Background & Motivation

Background: With the advancement of LLM capabilities, there is a growing demand to deploy AI agents in social interaction scenarios—such as business negotiation assistance, multi-party coordination, and debate systems. The core characteristic of these scenarios is that agents must interact strategically with other participants through natural language, involving both cooperation and competition.

Limitations of Prior Work: (1) Most existing multi-agent LLM research focuses on purely cooperative scenarios (e.g., multi-agent programming), with insufficient study on competitive and mixed-motive scenarios; (2) Classical game theory assumes participants share common knowledge and make rational decisions, whereas in natural language interactions, information is transmitted through language, which itself serves as a strategic tool (potentially misleading, persuasive, or ambiguous), rendering classical analytical frameworks inapplicable; (3) There is a lack of a systematic evaluation framework to measure LLM capabilities in strategic linguistic interactions.

Key Challenge: In natural language interactions, cooperation requires information sharing and trust-building, while competition requires information hiding and strategic deception. Both occur through the same linguistic channel, forming a unique "language strategy space." How to understand and evaluate LLM behavior within this space remains an open question.

Goal: (1) Design a research framework that translates classical game-theoretic scenarios into natural language; (2) Systematically evaluate the strategic behaviors of mainstream LLMs in cooperative, competitive, and mixed-motive scenarios; (3) Analyze the types, effectiveness, and emergent patterns of linguistic strategies.

Key Insight: The authors select three classes of classical game scenarios—Prisoner's Dilemma (pure competition), Public Goods Game (cooperation), and Bargaining Game (mixed-motive)—and convert them into natural language dialogue tasks, allowing LLM agents to play games through multi-turn dialogues.

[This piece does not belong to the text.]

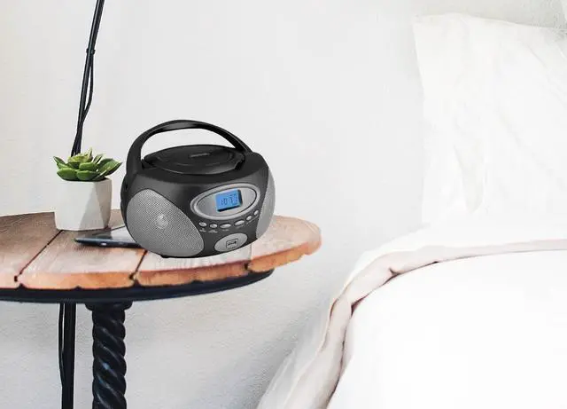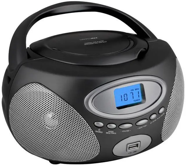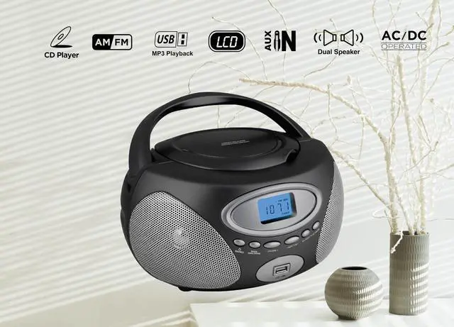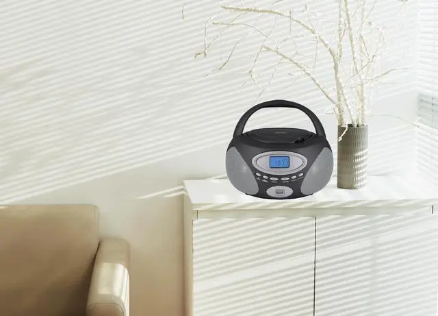 This product is a simple portable boombox with compact and modern design. The top CD player supports CD, CD-Rs CD-RW and MP3disc with programmable function. AM/FM radio stations can easily be located with a digital scan so you can start listening to your favourite station by the preset functions. USB Port Play your favourite MP3 music on a USB flash drive through USB port. AUX IN Plug and play. Simply plug in via 3.5 mm jack and play your favourite music from your smartphone or tablets with AUX connectivity. LCD Display with Backlight Clear LCD display for ease of use.

Core Idea: Convert classical scenarios from game theory into natural language multi-turn dialogue tasks. By enabling LLM agents to interact in these verbalized games, the study systematically investigates the emergence, effectiveness, and impact of language strategies on game outcomes.

Method

Overall Architecture

The research framework consists of three levels: (1) Game scenario design—converting classical games into natural language dialogue scenarios, where each scenario has clear rules, roles, and payoff structures; (2) Agent interaction—allowing different LLMs (or LLM against human) to engage in multi-turn dialogue games within the scenarios; (3) Strategy analysis—conducting multi-level analysis of interaction logs, including outcome analysis (payoffs), strategy analysis (classification of linguistic actions), and dynamic analysis (how strategies evolve over time).

Key Designs

  1. Verbalized Game Scenario Design:

    • Function: Translates abstract game-theoretic scenarios into operational natural language interaction tasks.
    • Mechanism: Detailed scenarios and role prompts are designed for each game. For example, in the Bargaining Game: the buyer and the seller each have a reservation price, and negotiate the final price through multi-turn dialogue; the payoff is the difference between the final price and the reservation price. The key innovation lies in allowing participants to freely use various linguistic strategies in conversation—they can lie (claiming a lower budget), persuade (highlighting product defects), threaten (claiming to have alternatives), etc. Each scenario has a maximum limit of 10 dialogue turns.
    • Design Motivation: Free-form linguistic interaction is closer to real-world social interaction than formalized games, revealing the capability boundaries of LLMs in the "language strategy" dimension.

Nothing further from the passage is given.